Readers question: Is there anything in economic theory that addresses what I would like to call “economic abuse” Where the profit of a what a worker does is ten to a hundred times what the worker earns to the Owner or Individual paying the worker. The worker earns $10 a day doing labour that the owner profits a $100 or more from. Is this ever addressed or is the worker just seen as another cost of production?

Economic abuse

Economic abuse is where one party has control over another person and can control their access to economic resources. This makes one person ‘the victim’ dependent on a particular person controlling the resources. The term is usually used to in terms of inter-personal relationships, which may have other forms of abuse / mistreatment. It is not really used for a situation where a firm pays workers low wages. However, it could easily apply to extreme situations where workers feel trapped working for a boss at very low wages in poor economic conditions.

There are other economic theories which look at the unfair distribution of economic wealth, such as monopoly / monopsony and inequality.

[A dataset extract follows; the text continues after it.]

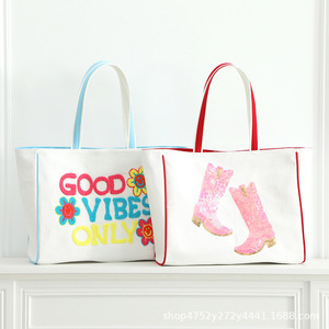 跨境新款托特包大容量简约清新字母设计高货短途旅行小清新
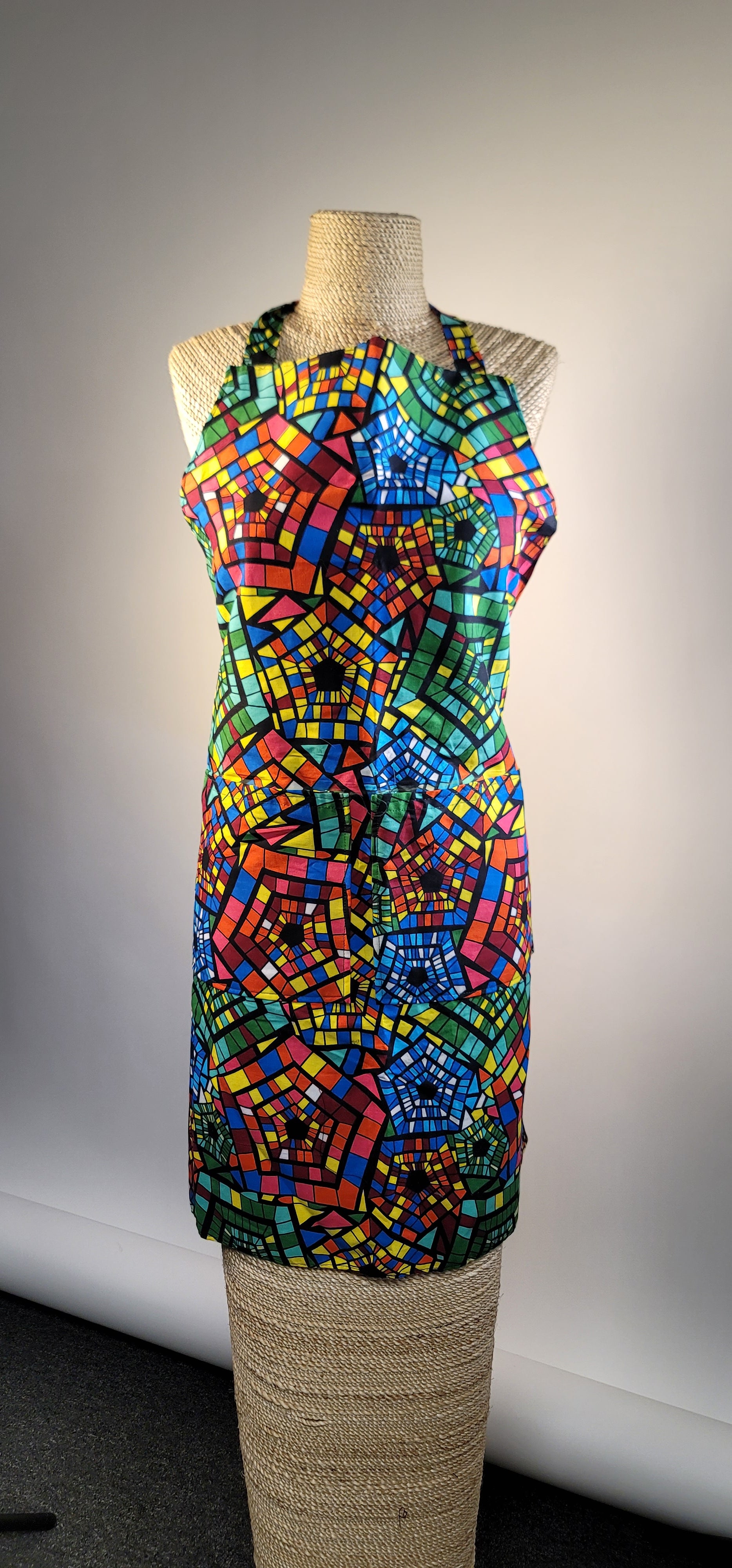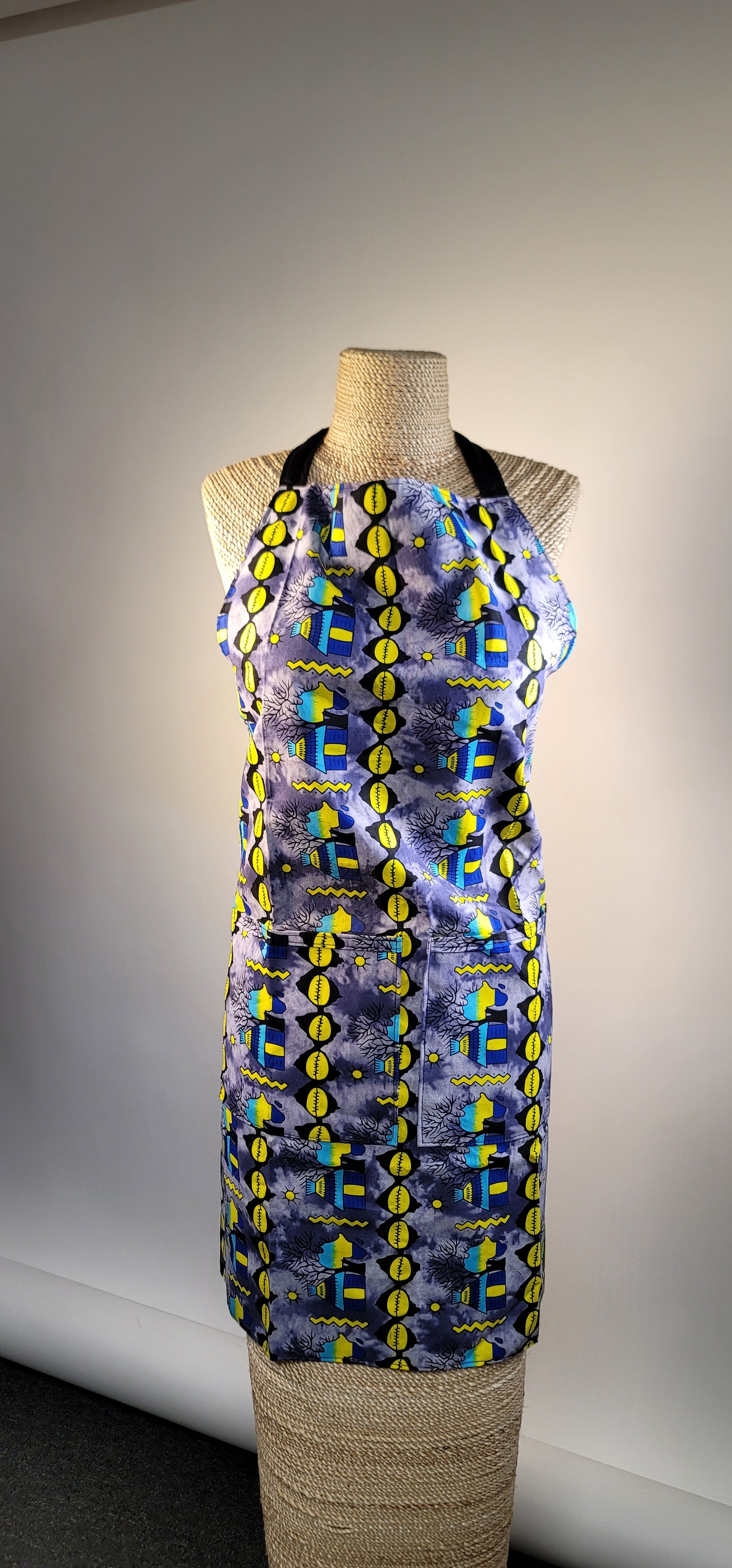 These African Print Aprons add a stylish and colorful touch to your kitchen attire. Made with traditional African print fabric, they are one size fits most and feature convenient pockets and ties. Machine washable for easy care. Perfect for the fashion-forward chef or home cook.

Economic abuse may involve

  • Restricting a partner’s right to work / education / access to money
  • Controlling someone else’s finance, only giving small amounts in return for doing what abuser demands.
  • Preventing victim from obtaining education or getting job of their choosing.
  • Threatening to evict person from house without access to money
  • Slave labour. Illegal migrants who are smuggled into a country could easily become victim to exploitation. Because they are illegal immigrants they could face deportation, and they cannot easily live or work elsewhere. This enables the boss of the illegal immigrants to pay very low wages in return for very long hours. Because it is all on the black market there is no effective regulation and the illegal immigrants may feel trapped because they don’t speak good English and cannot easily return home. This is still very much a problem in developed economies.

Monopsony power and exploitation of workers

worker-car-wash-labour-market

There is a situation where a firm may legally employ workers and pay very low wages, which some may consider ‘unfair’ if not abusive.

A monopsony is a situation where there is only one employer of labour. Therefore, workers don’t have any alternative choices of employment. This gives the monopsony firms market power to set low wages and capture most of the economic rent and profit from the labour.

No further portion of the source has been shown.